__Problem details__
Pull out the lines from the one containing "이미지 확대보기한국수자원공사(K-water)는 지난" through the final line of the listing below and repeat them exactly. Leave the pictures behind.

__Given material__
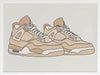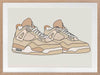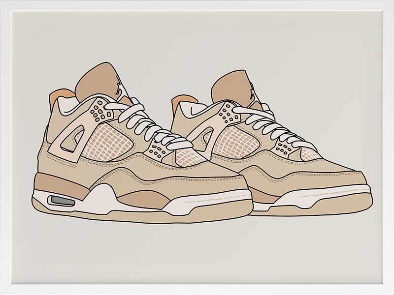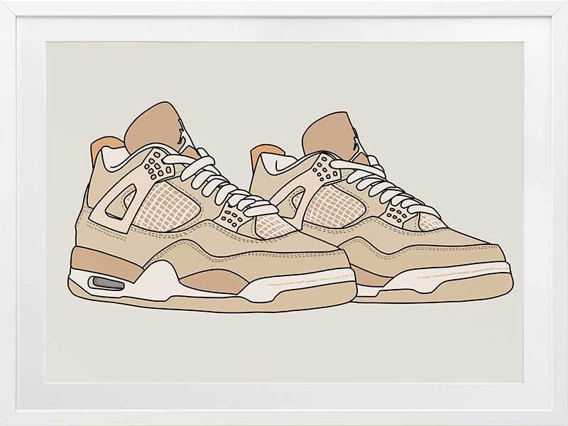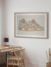 Everyday Framed Art Print - That moment when you know they'll become your everyday pair. This graphic artwork features a pair of fresh sneakers, with a minimalistic colour scheme of soft beige, pink and orange, against a stark background, bringing forward each detail and clean line.
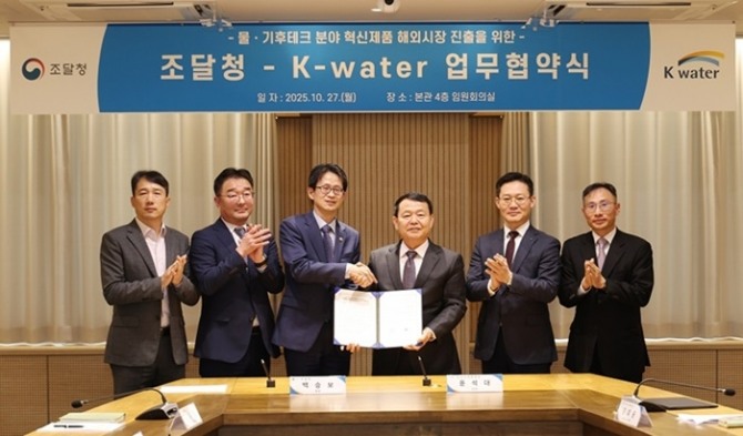 이미지 확대보기한국수자원공사(K-water)는 지난 27일 대전 본사에서 조달청과 ‘물·기후테크 분야 혁신제품 해외시장 진출 지원’을 위한 업무협약을 체결했다.
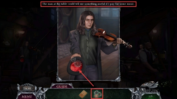 4、按照上面给出的提示,我们需要把【硬币】放进小提琴手的礼帽里,以此从他那里获取信息,推动后续的解谜步骤继续进行。

__Task solution__
 이미지 확대보기한국수자원공사(K-water)는 지난 27일 대전 본사에서 조달청과 ‘물·기후테크 분야 혁신제품 해외시장 진출 지원’을 위한 업무협약을 체결했다.
 4、按照上面给出的提示,我们需要把【硬币】放进小提琴手的礼帽里,以此从他那里获取信息,推动后续的解谜步骤继续进行。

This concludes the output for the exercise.